Certain words are probably neologisms, as with the mother who presented her baby’s thumb stung by an appledrain (wasp) – “it come up all blewed.”  Did she mean the past participle of blow, blewed rather than blown, or was she referring to the colour – or perhaps even both?  And someone else suffering a terrible pain, called it quite martyrous.

Neologisms maybe, but certainly expressive. 

Sometimes there is a profound dignity, a sort of poetry, in which much is said with very few words.  A farmer nearing the end of his days said quietly, “I can’t die, doctor, nor naught nothing.”

Some are just funny – donkey’s gallop (which means short and sharp), anal pain was described as pain in the pantry.

Perhaps some are, from a pedantic point of view, misuses.  Aggravate meaning to argue may not be a proper use, but literally if aggravate means to make something heavier, then it may be appropriate.  Others are even malapropisms, though none the worse for that, somehow taking on a life of their own as aphorisms.  I never actually saw this, but the story runs that under a mirror a declaration was written in a copper plate hand that would have been as well worth pondering then, as it repays a moment's consideration now:

Things seen is Intempural

Things not seen is Inturnel

Here we have malapropisms and rule-breaking grammar exploiting their ambiguity, such that the whole becomes an aphorism which tips into something close to poetry.  I can imagine at least one of my old patients saying this quietly to themselves, if not to me. 

With such idiosyncratic words and phrases, anarchic uses of archaisms and alterations of conventional vocabulary, language is enriched. So, as I recall some of these original words and expressions, I hope I have not sounded in any way superior or patronising.  The point of language is communication; this dialogue, so central to our art and craft of doctoring, is enhanced by respectful if not at times bemused, not to say amused observation.

And communication is of course a two-way process.

As doctors, we find ourselves dealing in the same currency.  I may not hear myself using these words and phrases, but – more subtly perhaps – we are in our turn influenced.  My (now grown up) children point out that my pronunciation of certain words like bitter has taken up a certain prolongation of the 'r', well described by my old friend Elworthy.

So as we listen, we hear – and are changed.  The words we use reflect not only the people that we are, but the people we are with.  Our language is the richer for all its many individual voices, with their particular vocabularies.  As doctors above all we must be listeners, hearing what our patients have to tell us. And those words are not just the vehicles of meaning, which may be a serious matter; but they bring their own flavour, which like the individuals who use them, we can enjoy.

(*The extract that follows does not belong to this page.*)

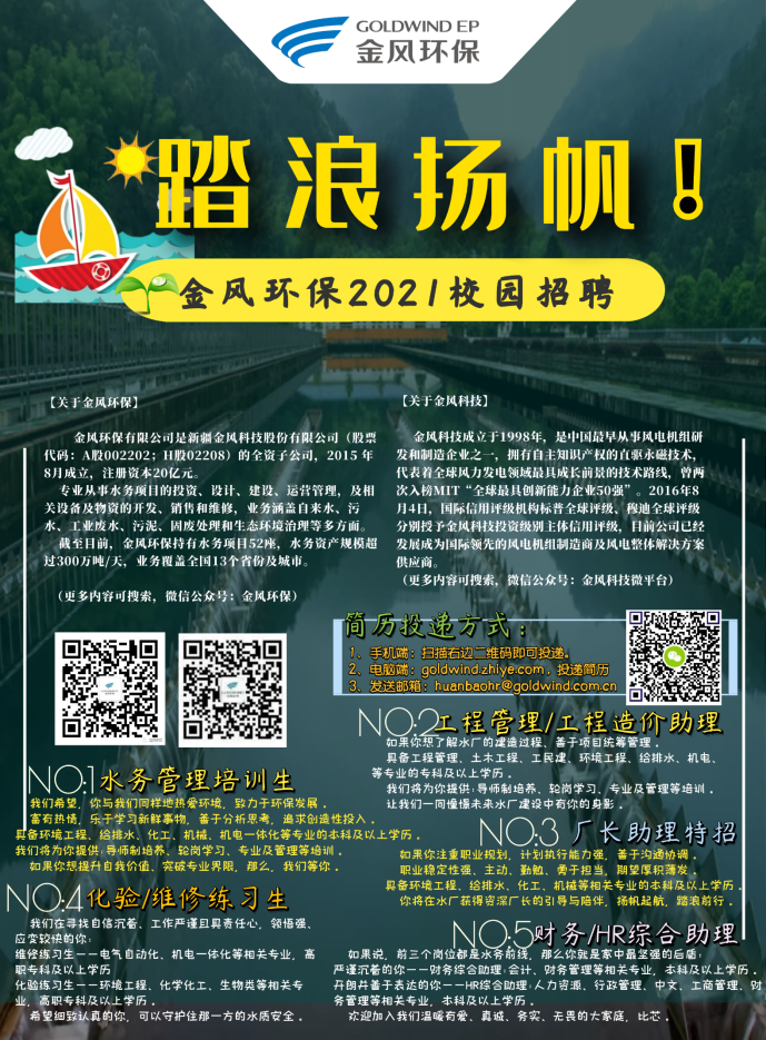 金风环保有限公司2021年校园招聘会 面向专业:环境工程、给排水、工程、电气、化工(催化剂)、财务相关、人力相关等专业。数量:每年招聘大专及以上学历的20名应届生。其他:毕业前可报名实习,但时间不少于1个月。工作地点:湖北省内:武汉、安陆、广水、荆州、利川、江西抚州、福建宁化、漳州、湖北澧县。其他省市:北京、山东、江苏、浙江、贵州、云南、新疆、陕西、安徽等。

In Memoriam Dr Alun Edwards of Barnstaple, who noted many of the examples quoted, and who helped me to become a better doctor, not least by learning to enjoy our patients' words.

Richard Westcott is now retired, having spent a professional lifetime in family practice in the southwest of England. Educated at Oxford and London Universities, he completed his training in Exeter before moving to north Devon, on the edge of the National Park of Exmoor. He retained his links with Exeter University, becoming a lecturer in General Practice with responsibility for training family doctors and training other trainers. He has published widely in the British Medical Journal and many other publications, a recent essay appearing in the acclaimed anthology Miracles We Have Seen, edited by Harley Rotbart. His love of the written and spoken word underpins the present article. A prize-winning author, he now focuses on writing and sharing poetry.